#### [Task item]
A verbatim copy is needed of the lines below from the one containing "- Kwok, S.;" up to and including the one containing "市場監(jiān)管總局辦公", excluding pictures.

#### [Material for this task]
- - -

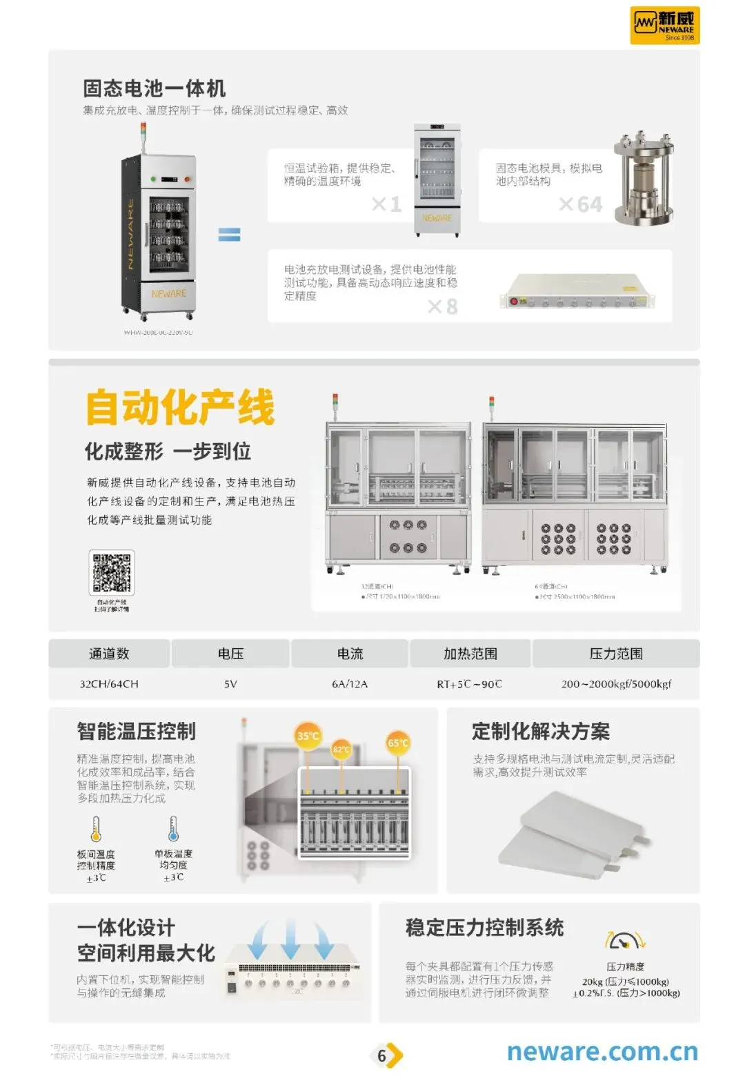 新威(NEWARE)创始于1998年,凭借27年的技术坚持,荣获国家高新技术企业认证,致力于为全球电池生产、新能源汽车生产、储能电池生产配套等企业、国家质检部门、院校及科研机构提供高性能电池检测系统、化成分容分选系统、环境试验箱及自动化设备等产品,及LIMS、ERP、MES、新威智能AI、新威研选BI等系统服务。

- - -

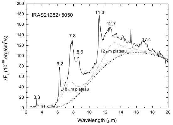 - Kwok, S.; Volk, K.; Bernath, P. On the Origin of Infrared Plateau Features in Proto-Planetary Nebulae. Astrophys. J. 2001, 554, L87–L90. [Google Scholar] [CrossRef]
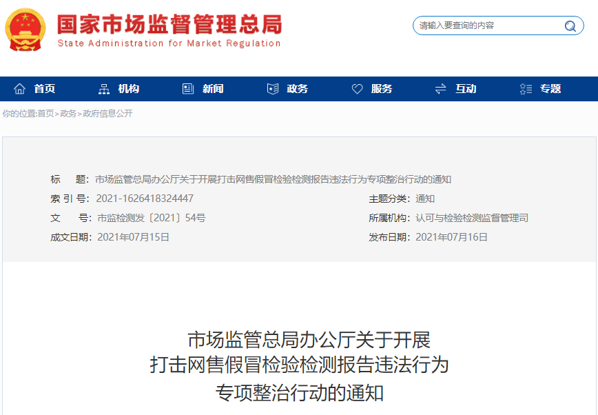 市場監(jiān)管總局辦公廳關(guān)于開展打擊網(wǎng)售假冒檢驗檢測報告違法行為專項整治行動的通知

- - -

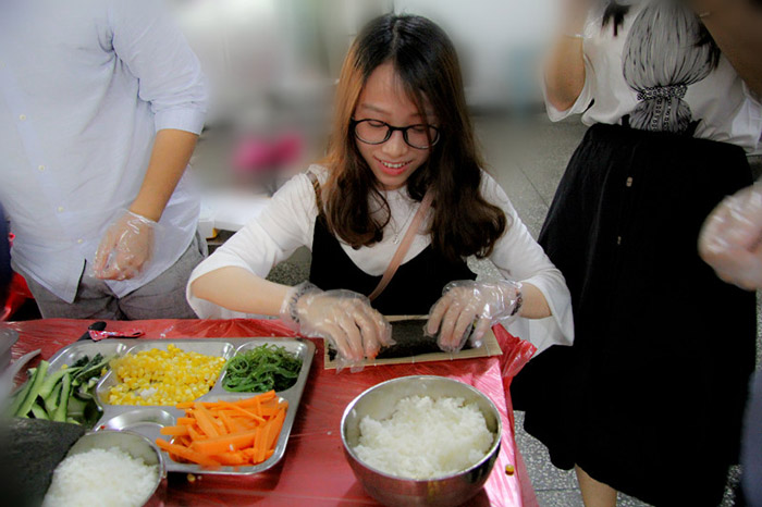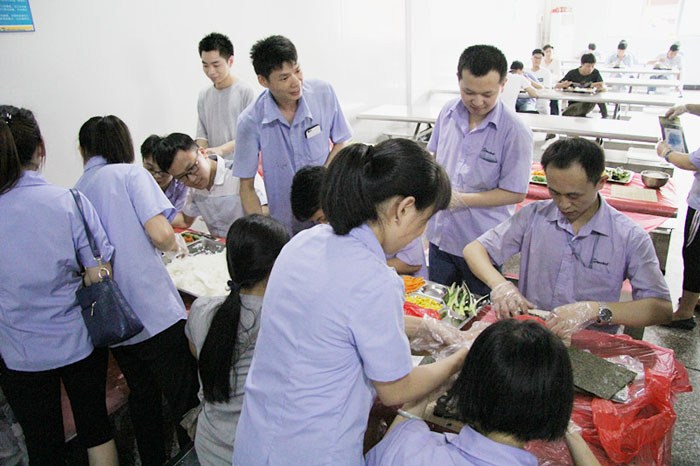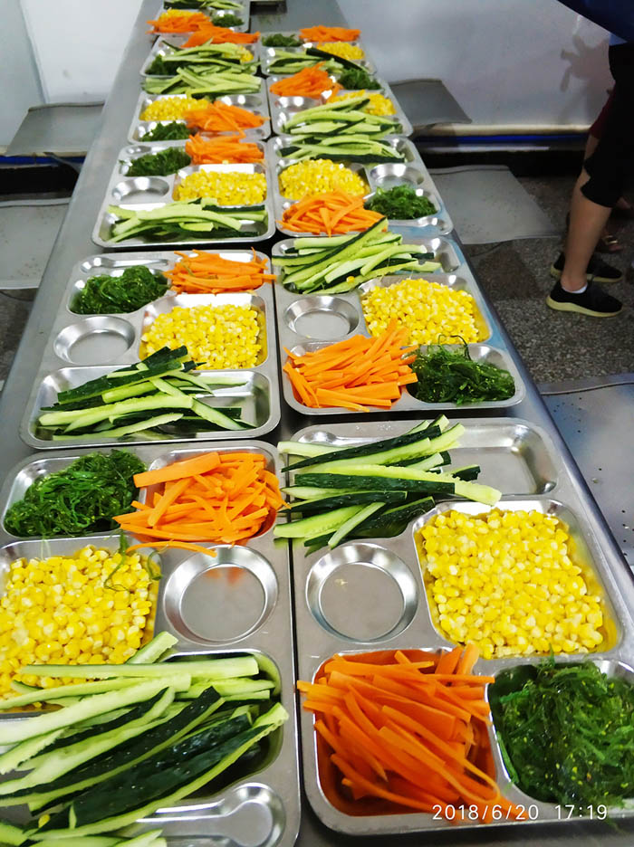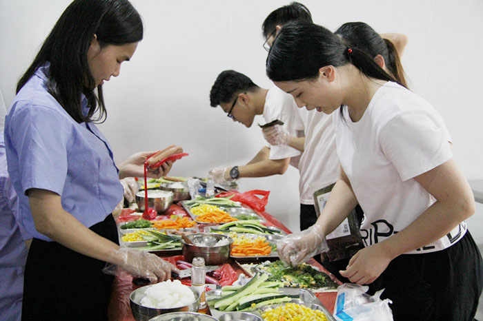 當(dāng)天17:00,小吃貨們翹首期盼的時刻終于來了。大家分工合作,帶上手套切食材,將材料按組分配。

- - -

#### [Solved problem]
 - Kwok, S.; Volk, K.; Bernath, P. On the Origin of Infrared Plateau Features in Proto-Planetary Nebulae. Astrophys. J. 2001, 554, L87–L90. [Google Scholar] [CrossRef]
 市場監(jiān)管總局辦公廳關(guān)于開展打擊網(wǎng)售假冒檢驗檢測報告違法行為專項整治行動的通知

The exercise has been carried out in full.